What you should do → Of the lines below, write out exactly those from the line with "Крепление, Аэратор, Металлическая" through the line with "The Vought F7U", both included, and skip the rest.

(Data to examine Opens)

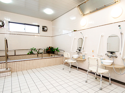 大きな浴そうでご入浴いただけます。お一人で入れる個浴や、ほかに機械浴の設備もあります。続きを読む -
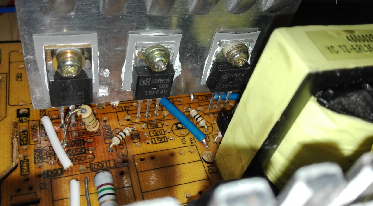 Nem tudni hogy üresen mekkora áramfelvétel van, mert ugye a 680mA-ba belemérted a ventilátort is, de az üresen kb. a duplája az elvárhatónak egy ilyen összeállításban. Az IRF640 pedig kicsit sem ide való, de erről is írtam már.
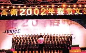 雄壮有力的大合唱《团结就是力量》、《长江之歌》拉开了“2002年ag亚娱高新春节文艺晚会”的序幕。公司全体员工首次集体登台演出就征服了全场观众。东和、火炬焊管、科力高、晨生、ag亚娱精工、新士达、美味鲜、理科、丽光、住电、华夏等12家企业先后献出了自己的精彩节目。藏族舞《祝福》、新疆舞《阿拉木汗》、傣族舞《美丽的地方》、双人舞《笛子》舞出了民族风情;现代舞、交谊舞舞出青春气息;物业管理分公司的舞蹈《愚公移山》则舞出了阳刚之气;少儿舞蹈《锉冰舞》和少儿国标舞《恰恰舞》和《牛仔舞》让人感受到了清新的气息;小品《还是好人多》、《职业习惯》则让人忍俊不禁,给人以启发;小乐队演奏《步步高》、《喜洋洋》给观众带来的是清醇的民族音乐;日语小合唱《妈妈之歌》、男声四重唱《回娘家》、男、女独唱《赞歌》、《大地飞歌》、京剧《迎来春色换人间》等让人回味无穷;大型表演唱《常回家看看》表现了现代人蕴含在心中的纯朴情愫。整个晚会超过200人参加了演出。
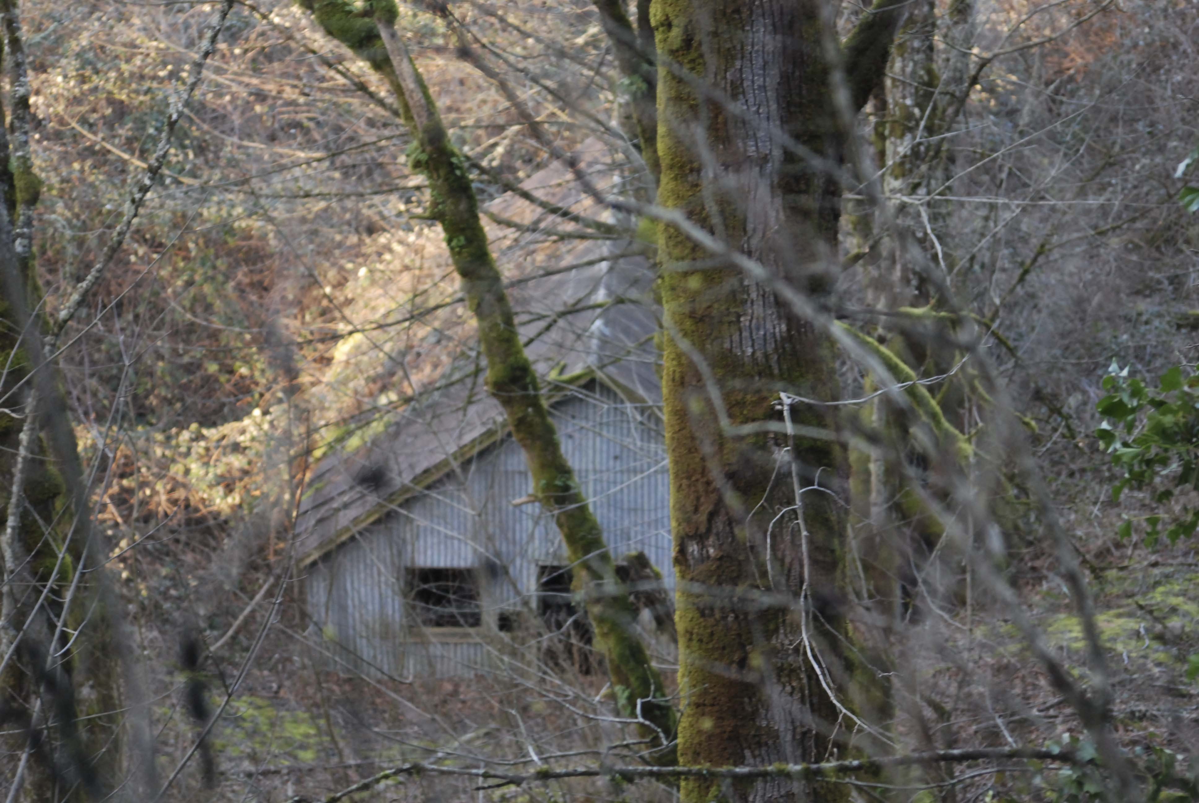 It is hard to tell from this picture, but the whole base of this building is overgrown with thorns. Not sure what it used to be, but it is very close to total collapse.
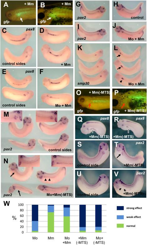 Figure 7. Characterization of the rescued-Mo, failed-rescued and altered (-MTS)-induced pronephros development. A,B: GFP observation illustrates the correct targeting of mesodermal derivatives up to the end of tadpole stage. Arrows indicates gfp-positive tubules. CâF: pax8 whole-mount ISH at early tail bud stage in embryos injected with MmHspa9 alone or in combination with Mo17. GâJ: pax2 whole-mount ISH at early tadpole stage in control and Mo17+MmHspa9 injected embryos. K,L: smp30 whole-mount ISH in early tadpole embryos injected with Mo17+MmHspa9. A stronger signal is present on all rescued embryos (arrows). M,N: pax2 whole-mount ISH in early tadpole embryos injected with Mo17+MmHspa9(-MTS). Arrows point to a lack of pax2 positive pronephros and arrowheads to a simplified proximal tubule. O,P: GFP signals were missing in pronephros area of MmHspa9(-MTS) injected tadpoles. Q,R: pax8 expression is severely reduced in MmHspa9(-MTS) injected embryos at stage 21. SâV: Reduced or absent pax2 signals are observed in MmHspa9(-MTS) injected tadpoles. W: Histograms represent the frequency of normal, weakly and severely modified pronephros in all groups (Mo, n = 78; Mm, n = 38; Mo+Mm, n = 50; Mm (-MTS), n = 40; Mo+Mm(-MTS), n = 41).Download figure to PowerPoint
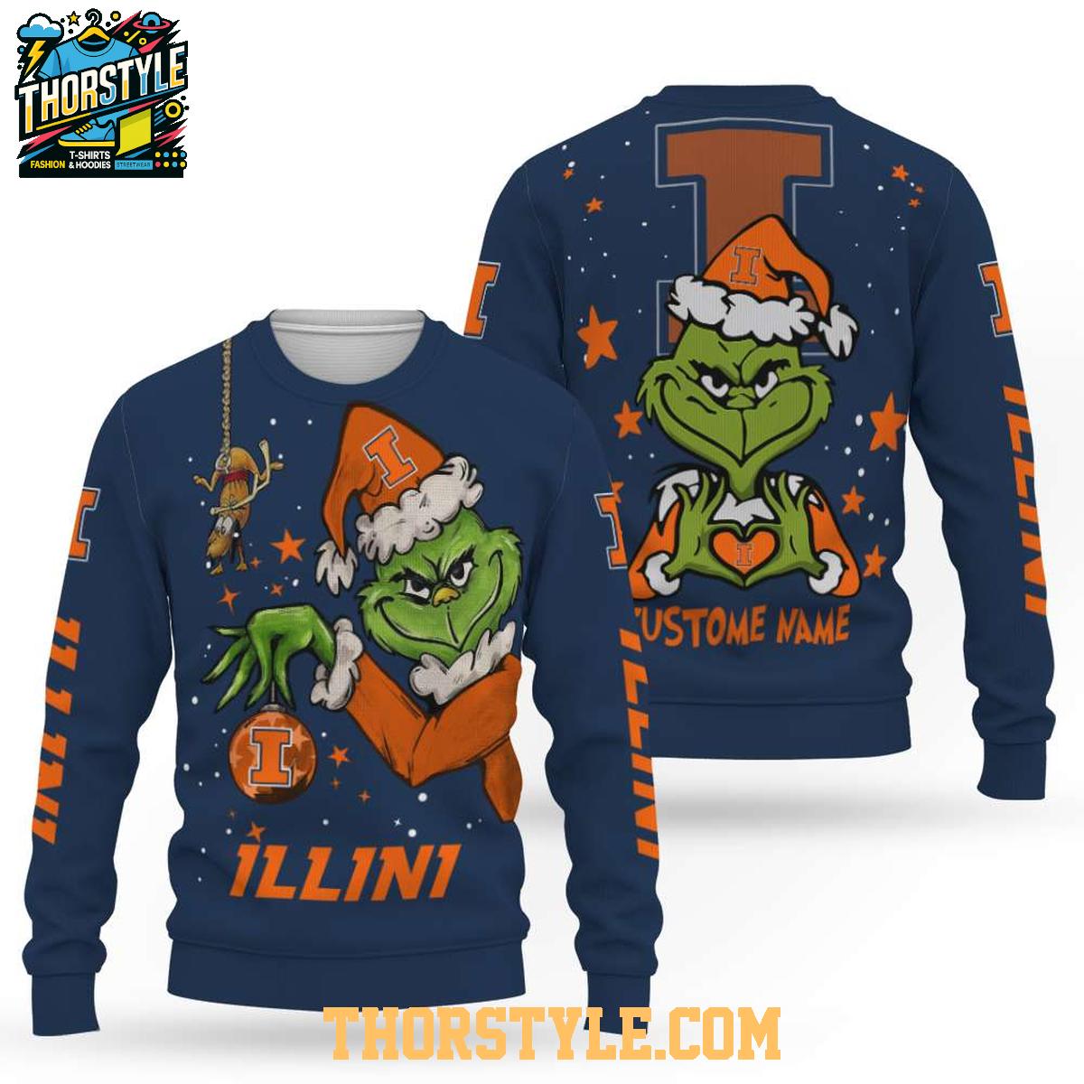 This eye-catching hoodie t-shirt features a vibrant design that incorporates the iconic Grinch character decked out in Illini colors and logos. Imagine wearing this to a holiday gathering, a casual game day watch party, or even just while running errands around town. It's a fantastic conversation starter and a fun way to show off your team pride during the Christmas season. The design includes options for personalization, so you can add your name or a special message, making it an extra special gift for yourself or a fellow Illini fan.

(Data to examine Closes)
(Data to examine Opens)

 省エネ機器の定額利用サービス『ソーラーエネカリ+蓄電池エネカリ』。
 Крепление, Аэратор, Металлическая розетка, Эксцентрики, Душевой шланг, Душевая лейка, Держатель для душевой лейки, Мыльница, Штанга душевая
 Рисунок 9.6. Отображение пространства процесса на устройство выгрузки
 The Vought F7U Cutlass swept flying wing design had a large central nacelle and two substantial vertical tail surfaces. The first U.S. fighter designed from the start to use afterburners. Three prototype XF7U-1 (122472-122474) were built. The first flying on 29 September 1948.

(Data to examine Closes)

Output of the exercise →
 Крепление, Аэратор, Металлическая розетка, Эксцентрики, Душевой шланг, Душевая лейка, Держатель для душевой лейки, Мыльница, Штанга душевая
 Рисунок 9.6. Отображение пространства процесса на устройство выгрузки
 The Vought F7U Cutlass swept flying wing design had a large central nacelle and two substantial vertical tail surfaces. The first U.S. fighter designed from the start to use afterburners. Three prototype XF7U-1 (122472-122474) were built. The first flying on 29 September 1948.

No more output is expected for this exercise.